Aurélie Lierman, being a vocalist, also collaborated with several musicians: Mark Clifford (fellow artist in resident), the Naxi accordion player Mr. Lee (whom she met in an improv battle at the local Fengle market), and Naxi musician YangZemin (a.k.a. "Jimmy"). 


DANNY CLAY

BIO: Danny Clay is a composer based in San Francisco. His work is rooted in play, games, curiosity, and the sheer joy of making things. A part-time elementary school music teacher, he frequently collaborates with his students to produce new works for experienced musicians and amateurs alike.

 

[DONGBA DANCE KIT]: https://vimeo.com/228229231

I was immediately captivated by the beauty and mysteriously intuitive clarity of Dongba script, in particular their means of transcribing dance rituals.
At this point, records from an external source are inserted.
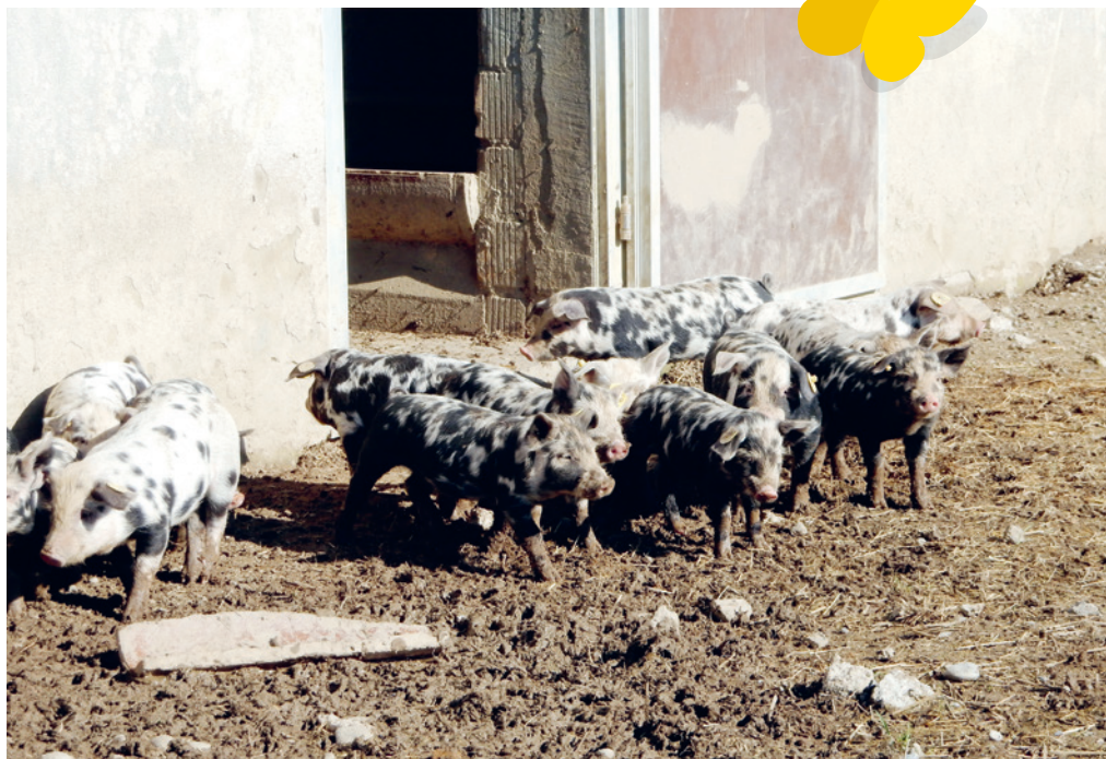
Nur rund 50 Prozent aller Schweine in der Schweiz dürfen ins Freie.

Die Volksinitiative mit dem Titel «Eidgenössische Initiative für regelmässigen Auslauf ins Freie zugunsten aller landwirtschaftlich gehaltenen Tiere» ist in der Form einer allgemeinen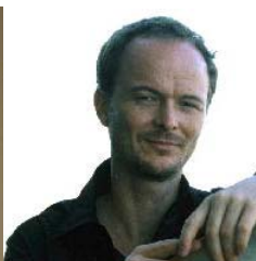
クリストファー・ハーディ (パーカッション)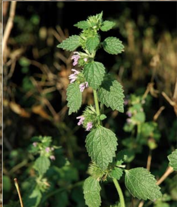
Abb. 9: Die Schwarznessel ( Ballota nigra ) - eine alte, vergessene Heilpflanze. Nach HIRSCH u. GRÜNBERGER (2006) wirkt sie unter anderem krampflösend, beruhigend und antibakteriell. Auf Grund ihres unangenehmen Geruches hat man sie früher laut HEGI (1926) nur äußerlich gegen Haut- und Haarkrankheiten verwendet.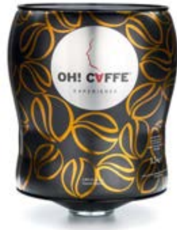
LATA OH CAFFE Café natural 100% arábica

Es un café seleccionado en las más apreciadas plantaciones del mundo, para los que buscan la máxima calidad. Un producto ideal para gourmets, conocedores y amantes del café espresso.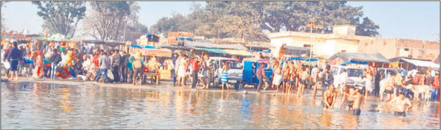
कछला गंगा घाट पर गंगा में स्नान करते श्रद्धालु

अन्य दिनों की अपेक्षा रविवार को भी जनपद भर में घना कोहरा छाया रहा। इसी कोहरे के बीच कछला गंगा घाट पर श्रद्धालुओं के पहुंचने का सिलसिला भोर से शुरू हो गया था। सुबह तक हजारों की संख्या में जुटे श्रद्धालु महिला-पुरुषों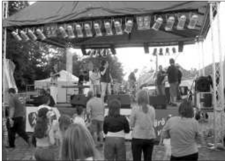
A Bon Bon együttes városnapi koncertje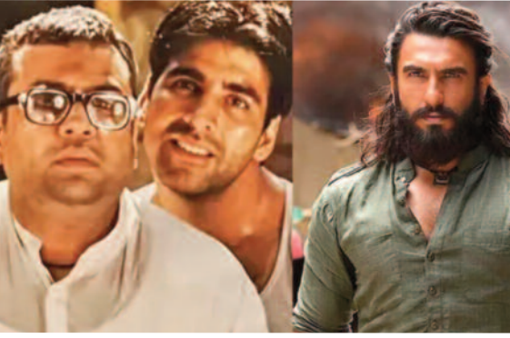
बड़ी फैंचाइजी में से एक बना सकता हूँ। अगर मैंने इसे डायरेक्ट किया होता, तो मैं इसे धुरंधर से भी बड़ा बना सकता था। अक्षय

अक्षय कुमार की हेरी-फेरी 3 से एगिजट लेने के बाद प्रियदर्शन ने अब कहा कि वे इसे धुरंधर से बड़ी फैंचाइजी बनाने वाले थे। प्रियदर्शन ने हेरा फेरी 3 से जुड़ी पदों के पीछे की उथल-पुथल के बारे में खुलकर बात की है और उनके बयानों से इस पसंदीदा फैंचाइजी के लिए हालात काफी निराशाजनक लग रहे हैं। एक खास बातचीत में, फिल्ममेकर ने क्रिएटिव मतभेदों और चल रहे विवादों, दोनों पर खुलकर अपनी बात रखी।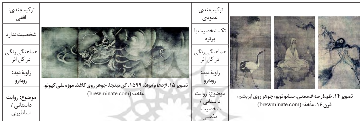
جدول ۲. مقایسه ویژگی‌های هنر ذن ژاپن و ویژگی‌های نقاشی دوره آشیکاگا

تعداد شخصیت‌های زیاد وجود دارد. در بقیه موارد، موضوعات منظره و طبیعت (۵۳ درصد) یا حیوانات (۴۶ درصد) را شامل می‌شوند. افزایش علاقه نسبت به موضوعات طبیعی و حیوانات، به کاهش روایت انسانی و داستانی منجر شده است. البته در معدود موارد، روایت با موضوع مذهبی نیز دیده می‌شود. به دلیل کاهش روایت داستانی، تقریباً در تمامی موارد، زاویه دید از روبه‌رو است. این زاویه، برای ترسیم حیوانات و موضوعات طبیعی که در زوایای بسته‌ای هستند، بهترین زاویه محسوب می‌شود. کاهش علاقه به موضوعات مذهبی را می‌توان در میزان فراوانی انواع شخصیت‌های انسانی نیز مشاهده کرد. بدین ترتیب، بیشتر از شخصیت‌های معمولی در این آثار استفاده شده است. جدول (۲)، ویژگی‌های ذن و نقاشی آشیکاگا در کنار هم نشان می‌دهد.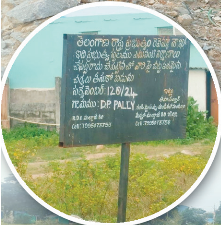
2024 నవంబర్లో మట్టినింపిన కబ్జాదారులు తాజా చిత్రం..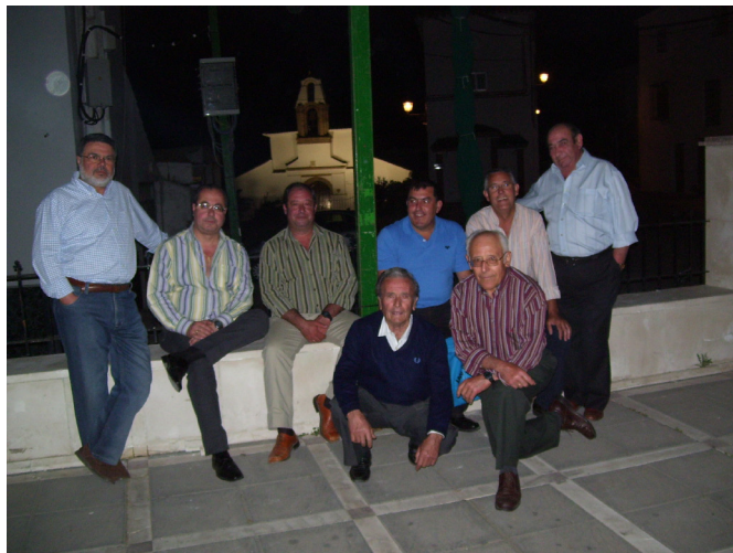
Lám. 7, 2013.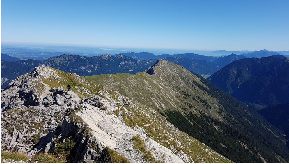
Blick auf Kuchelbergkopf und Kuchelbergspitz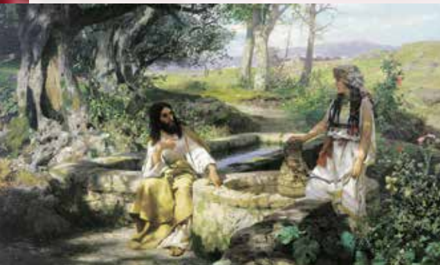
Генрих Семирадский «Христос и самарянка», 1890 г.

Встреча Иисуса с самарянкой описана в Евангелии от Иоанна (4:1-42). «Надлежало Ему проходить через Самарию...» Дорога через Самарию была самым коротким путем между Галилеей и Иерусалимом. Однако большинство евреев обычно ходили более длинным путем, чтобы избежать контакта с самарянами. Самаряне были потомками от смешанных браков евреев с язычниками, они остались здесь после того, как Северное царство было завоевано Ассирией, а его население увели в плен (4 Цар. 17:24). Позднее, в 4-й главе книги Ездры и в 4-й главе книги Неемии, мы читаем о глубоком разделении между евреями и самарянами,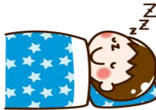
早寝・早起きしましょう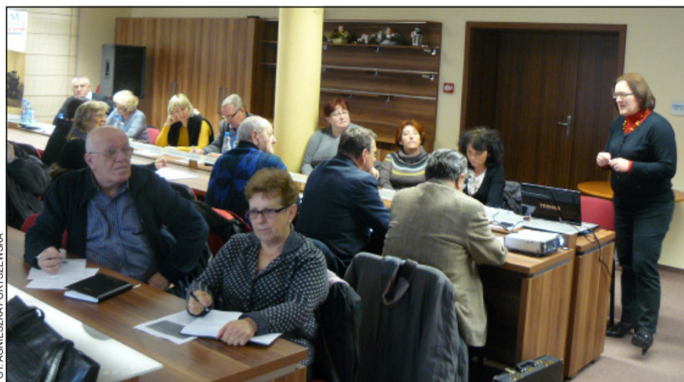
Ustawa śmieciowa wciąż pozostawia wiele pytań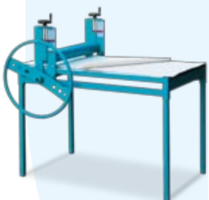
Walcarka PW 600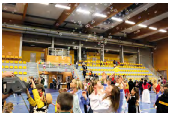
Hurá na bubliny.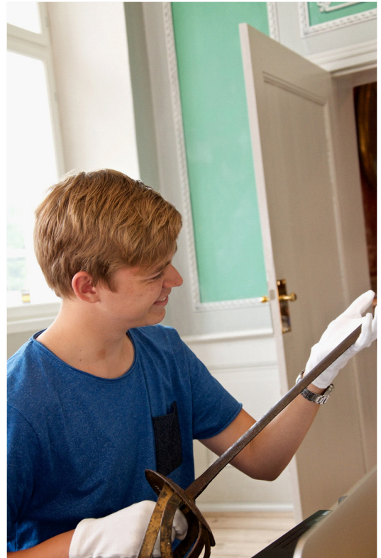
Figur 2. 1.g elev fra Vejen Gymnasium & HF studerer en gammel kårde i forbindelse med den alternative årsprøve.

Lærerne havde valgt emnet, og de udvalgte også det skriftlige kildemateriale. Museets personale fandt en række genstande i museets magasiner, der kunne belyse samme temaer som de udvalgte skriftlige kilder og billeder. Især museets arkæologer var involveret i denne proces, da langt de fleste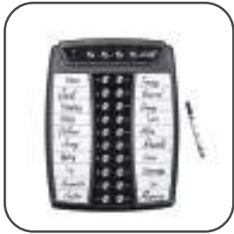
ATX-01 Tastiera di chiamata

Tastiera di chiamata a 4 canali Colore: Bianco Avviso batteria scarica Tipo di batteria: CR2477N Durata prevista: 30.000 cicli 5 anni Distanza trasmissione area libera 400 mt Segnalazione acustica e luminosa di chiamata effettuata Dimensioni: 92 x 92 x 32 mm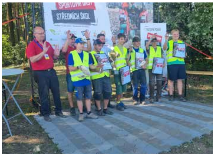
Závěrečný pozdrav všech soutěžících.

As I spent more time getting to know the writing system, it occurred to me that many of the basic building blocks of the Dongba script could serve as a means of notating simple movements of the body. I made a short ‘instruction’ video outlining some of these simple movements, with the idea that this vocabulary might be a useful way of exploring dance and notation with my elementary school music/theater students in the coming school year.

 

[WORDS] : A VIDEO WORKBOOK: https://vimeo.com/228215127/d50c8efbec

As a means of investigating how we use our inner/outer voices and languages expressively, I created a set of verbal and non-verbal ‘exercises’ that could be performable by anyone. These exercises included simple tasks such as thinking up specific words without saying them, saying any word that comes to mind, describing someone you love, inventing nonsense words, improvised run-on sentences, etc. I was curious to not only examine how the connection between our brains and voices could be challenged in different ways, but how those challenges might manifest themselves in different languages. After asking eleven people affiliated with the Lijiang Studio to record themselves performing these exercises, I created this 30-minute collage video in eleven sections, each connected to a specific exercise. The video features performances in Mandarin, English, Cantonese, Naxi, Hebrew, and Flemish Dutch.

 

ER GE SLEEPS: 

One sleepless night while staying in the village of Wumu, I made a 2-hour recording of Lijiang Studio host He Er Ge snoring. It hadn’t occurred to me until then how deeply intriguing the sonic structure of snoring can be - patient, hypnotic, organically evolving, yet entirely unpredictable from sound to sound. In order to examine this in a musical context, I improvised a bass solo over this recording in a bedroom at Lijiang Studio, and invited others to stay and fall asleep to it.